EXCERPTED RECORDS section start

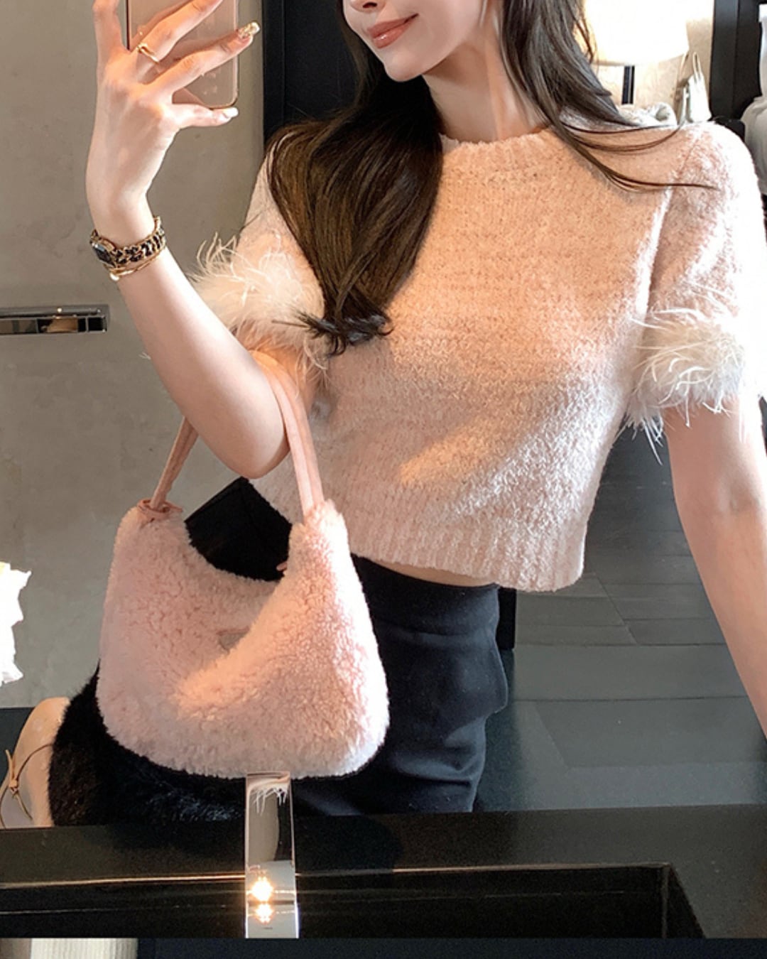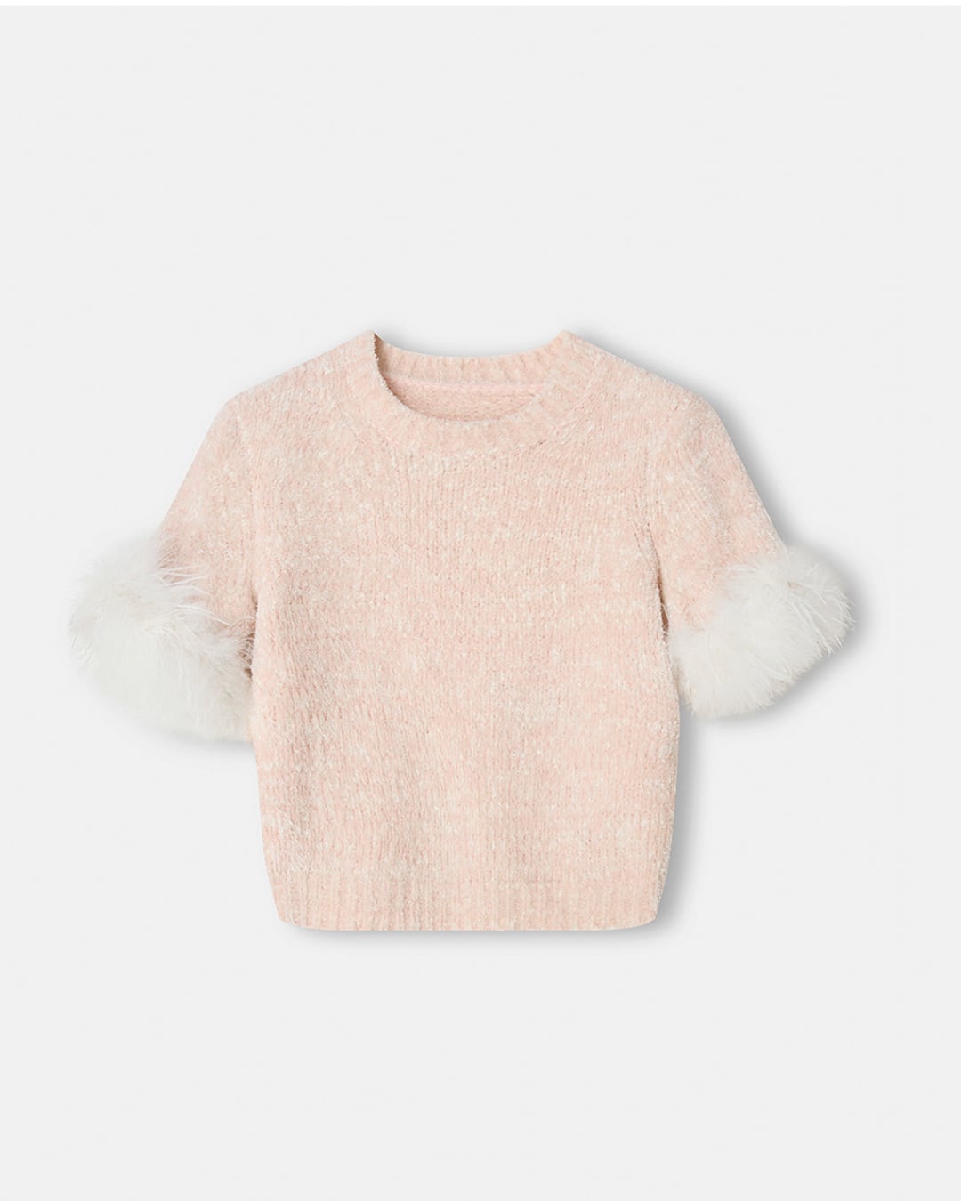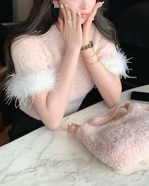 ふわふわの質感が女の子らしさを引き立てるニットトップス。袖口には繊細なオーストリッチフェザーが施され、動くたびに揺れる華やかなアクセントに。ショート丈のバランスがスタイルアップ効果抜群で、ミニスカートとの相性も◎。甘めフェミニンな印象ながら、大人っぽく着こなせる一枚です。
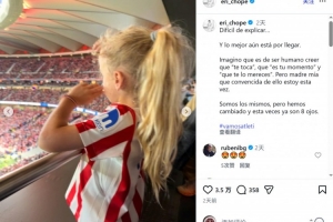 国王杯决赛,马竞点球大战不敌皇家社会,无缘冠军。埃里卡·乔佩雷纳社媒晒出带着孩子观赛的照片,配文:“很难解释……而最美好的尚未到来。
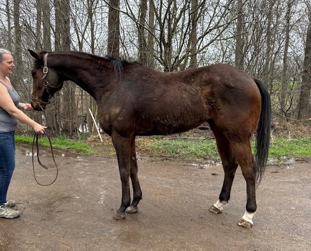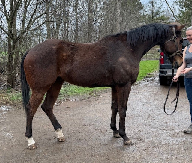 We didn’t even have to do a write up on this gallant war horse, since one of our volunteers fell inlove and brought him home!
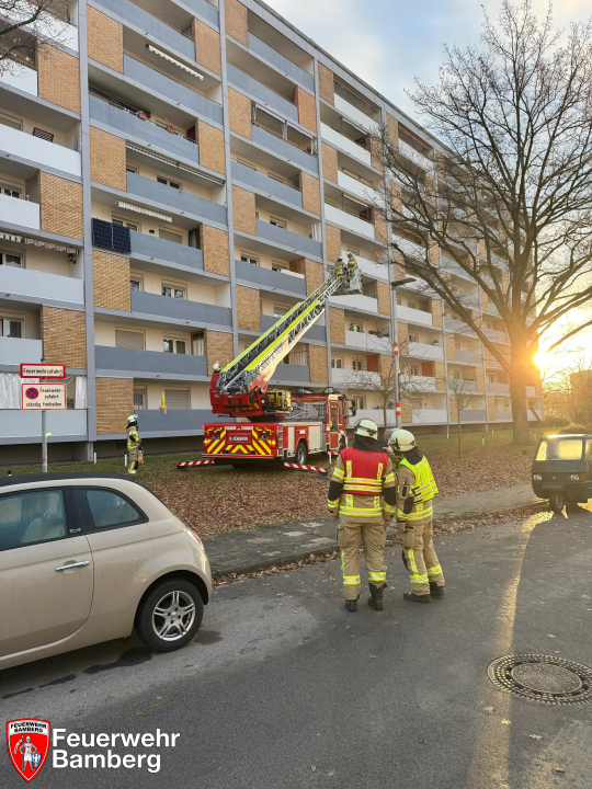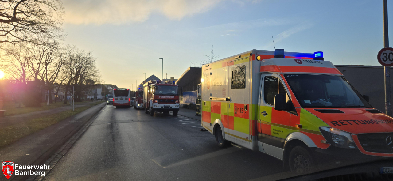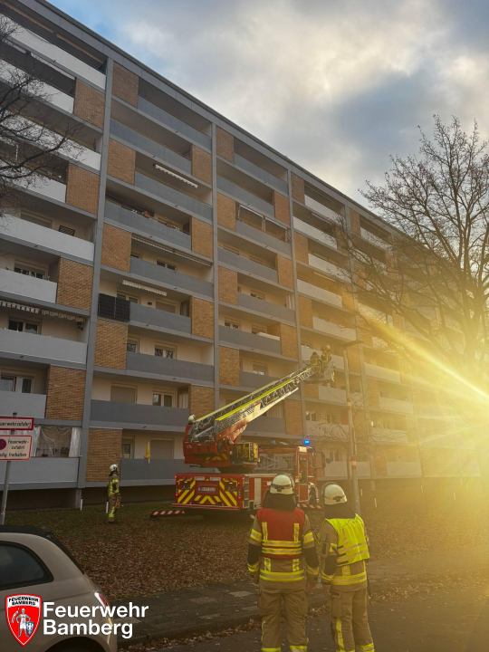 Am Vormittag wurde die Feuerwehr Bamberg zu einem vermeintlichen Zimmerbrand in die Kantstraße alarmiert. Schüler eines benachbarten Gymnasiums hatten Flammenschein an einem Wohnkomplex bemerkt und daraufhin die Feuerwehr alarmieren lassen.
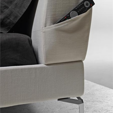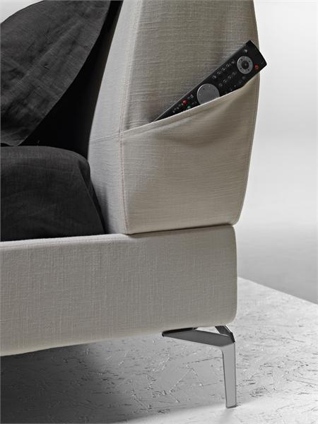 Double bed Tea Time Bed from Italian manufacturer Molteni. The model is made in modern style. Legs are made from metal. Wooden frame covered with textile. A feature of the design gives a low upholstered headboard and roomy pockets located on the sides.
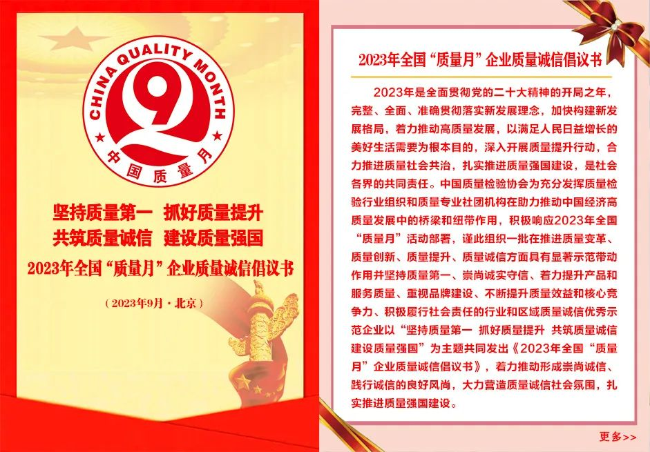 中國“質量月”活動始于1978年,是在我國政府相關主管部門的倡導和部署下,以多種形式于每年的9月在全國范圍內(nèi)動員全社會尤其是廣大企業(yè)積極參與,長期組織開展的一項重大質量活動和群眾性質量主題活動。全國“質量月”活動旨在提高全民質量意識,營造人人關心質量、重視質量、追求質量、創(chuàng)造質量、享受質量的良好社會氛圍,提升國家質量競爭力,推進建設質量強國。
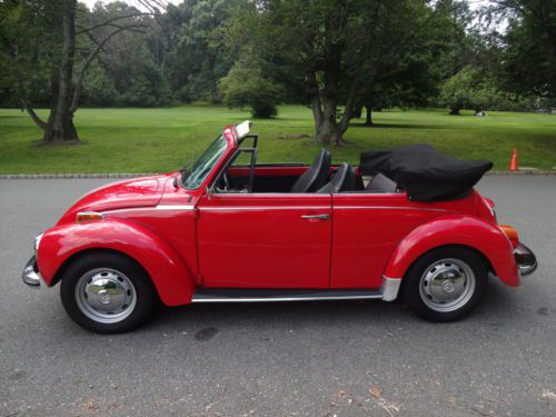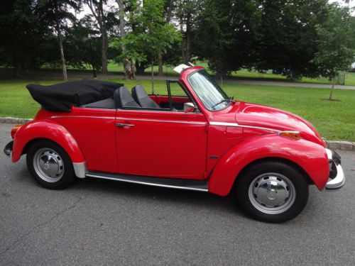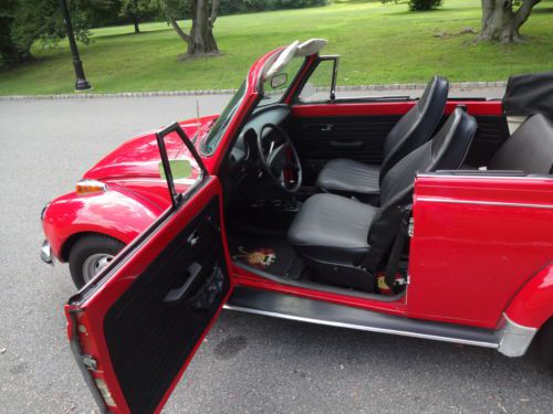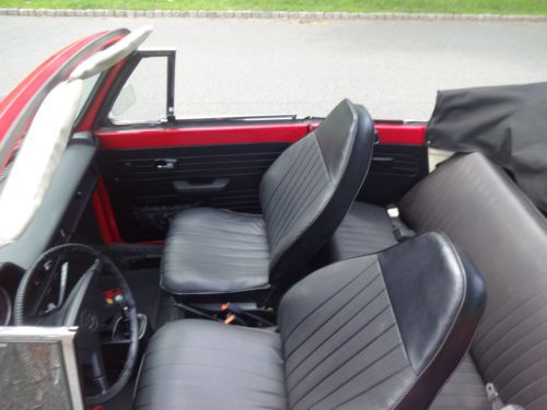 NO RUST NO ROT!!!!!! 1973 vw beetle convertible under 50k original miles 4 speed manual trans 1.6l air cooled 4 cylinder carborated engine i spent a long time looking for a car this clean its most likely the cleanest one on ebay i paid $12500 for this car from a private seller and looking at the others on ebay i should have no problem getting my money back either way it has to go very very minor flaws a couple of small scratches that look like they can be buffed out a tiny crack on the dash and a small tear about a quarter of an inch long on the driver seat and thats it car looks like it was repainted a couple of years back a very clean job and theres no way the top is original but thats mint no rips no tears its got a glass rear window if you have any additional questions please call me walter 9732207577 the car is also up for local sale i have the right to end this auction at any time if you are a serious buyer please call me to see the car
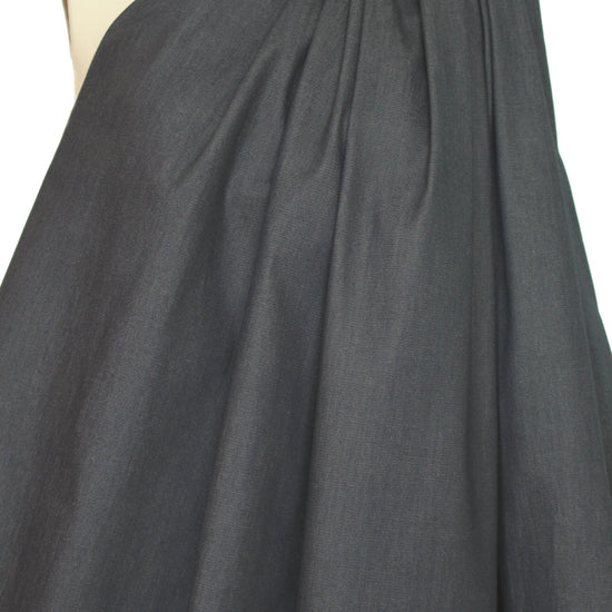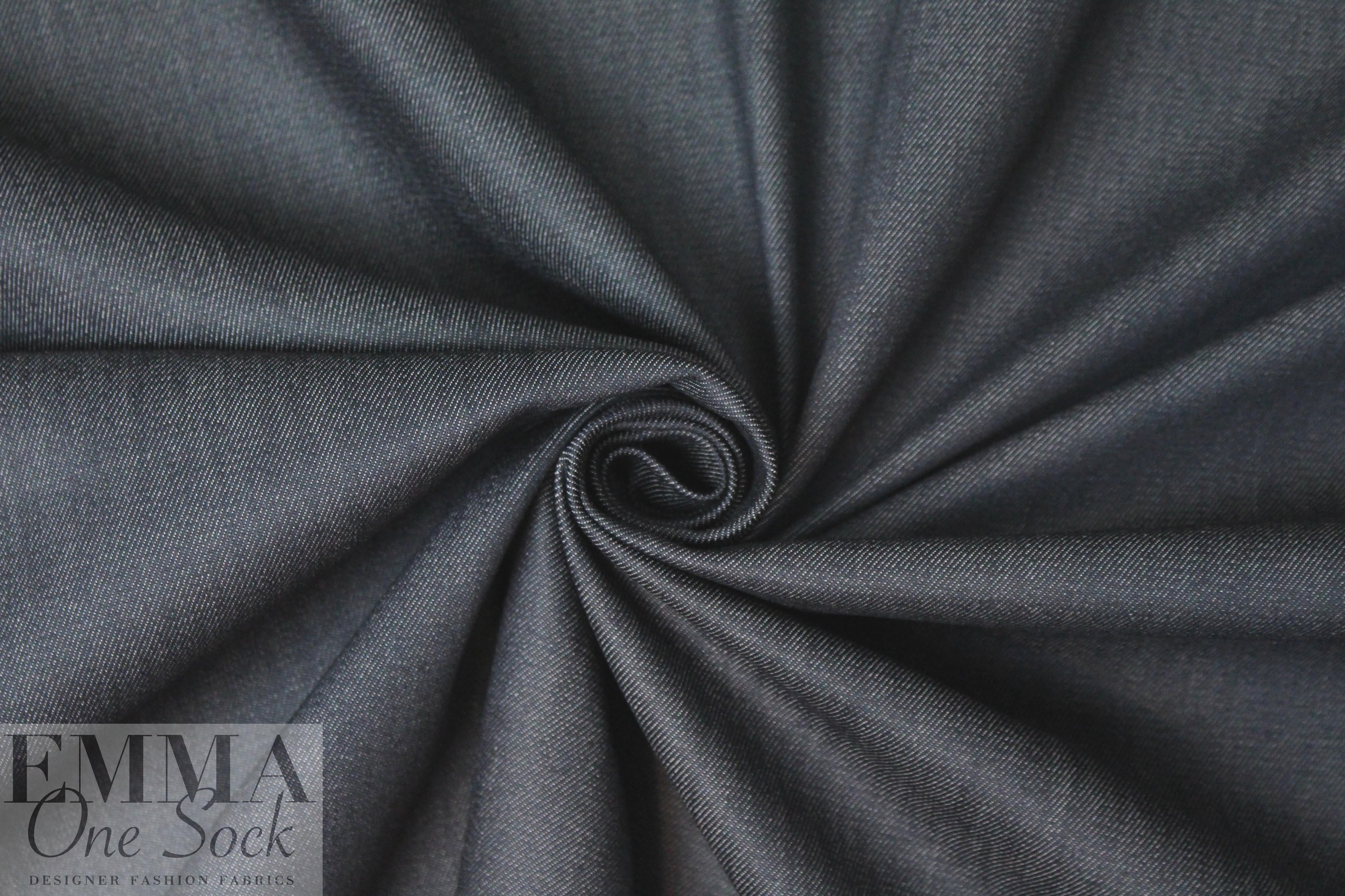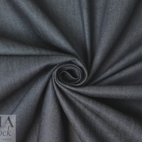 A new stock item! This is a beautiful medium-weight stretch denim twill in an off black that has midnight undertones (PANTONE 19-1102), a fabulous basic that has about 20% stretch in the width only. The addition of recycled polyester makes it a more earth-friendly choice, and the quality and hand of this denim are superb. It is perfect for a jacket, jeans, topper coat, vest, etc. Very malleable, not stiff. Since the crossthreads in this colorway are light, warm gray, the reverse looks quite a bit lighter (PANTONE 16-3801 is the overall, approximate coloring). Machine wash and hang to dry. 1.75 yds.

EXCERPTED RECORDS section end

● WHAT IS NEEDED
Give back the data verbatim. The pictures are not part of the copy.

● SOLUTION
 ふわふわの質感が女の子らしさを引き立てるニットトップス。袖口には繊細なオーストリッチフェザーが施され、動くたびに揺れる華やかなアクセントに。ショート丈のバランスがスタイルアップ効果抜群で、ミニスカートとの相性も◎。甘めフェミニンな印象ながら、大人っぽく着こなせる一枚です。
 国王杯决赛,马竞点球大战不敌皇家社会,无缘冠军。埃里卡·乔佩雷纳社媒晒出带着孩子观赛的照片,配文:“很难解释……而最美好的尚未到来。
 We didn’t even have to do a write up on this gallant war horse, since one of our volunteers fell inlove and brought him home!
 Am Vormittag wurde die Feuerwehr Bamberg zu einem vermeintlichen Zimmerbrand in die Kantstraße alarmiert. Schüler eines benachbarten Gymnasiums hatten Flammenschein an einem Wohnkomplex bemerkt und daraufhin die Feuerwehr alarmieren lassen.
 Double bed Tea Time Bed from Italian manufacturer Molteni. The model is made in modern style. Legs are made from metal. Wooden frame covered with textile. A feature of the design gives a low upholstered headboard and roomy pockets located on the sides.
 中國“質量月”活動始于1978年,是在我國政府相關主管部門的倡導和部署下,以多種形式于每年的9月在全國范圍內(nèi)動員全社會尤其是廣大企業(yè)積極參與,長期組織開展的一項重大質量活動和群眾性質量主題活動。全國“質量月”活動旨在提高全民質量意識,營造人人關心質量、重視質量、追求質量、創(chuàng)造質量、享受質量的良好社會氛圍,提升國家質量競爭力,推進建設質量強國。
 NO RUST NO ROT!!!!!! 1973 vw beetle convertible under 50k original miles 4 speed manual trans 1.6l air cooled 4 cylinder carborated engine i spent a long time looking for a car this clean its most likely the cleanest one on ebay i paid $12500 for this car from a private seller and looking at the others on ebay i should have no problem getting my money back either way it has to go very very minor flaws a couple of small scratches that look like they can be buffed out a tiny crack on the dash and a small tear about a quarter of an inch long on the driver seat and thats it car looks like it was repainted a couple of years back a very clean job and theres no way the top is original but thats mint no rips no tears its got a glass rear window if you have any additional questions please call me walter 9732207577 the car is also up for local sale i have the right to end this auction at any time if you are a serious buyer please call me to see the car
 A new stock item! This is a beautiful medium-weight stretch denim twill in an off black that has midnight undertones (PANTONE 19-1102), a fabulous basic that has about 20% stretch in the width only. The addition of recycled polyester makes it a more earth-friendly choice, and the quality and hand of this denim are superb. It is perfect for a jacket, jeans, topper coat, vest, etc. Very malleable, not stiff. Since the crossthreads in this colorway are light, warm gray, the reverse looks quite a bit lighter (PANTONE 16-3801 is the overall, approximate coloring). Machine wash and hang to dry. 1.75 yds.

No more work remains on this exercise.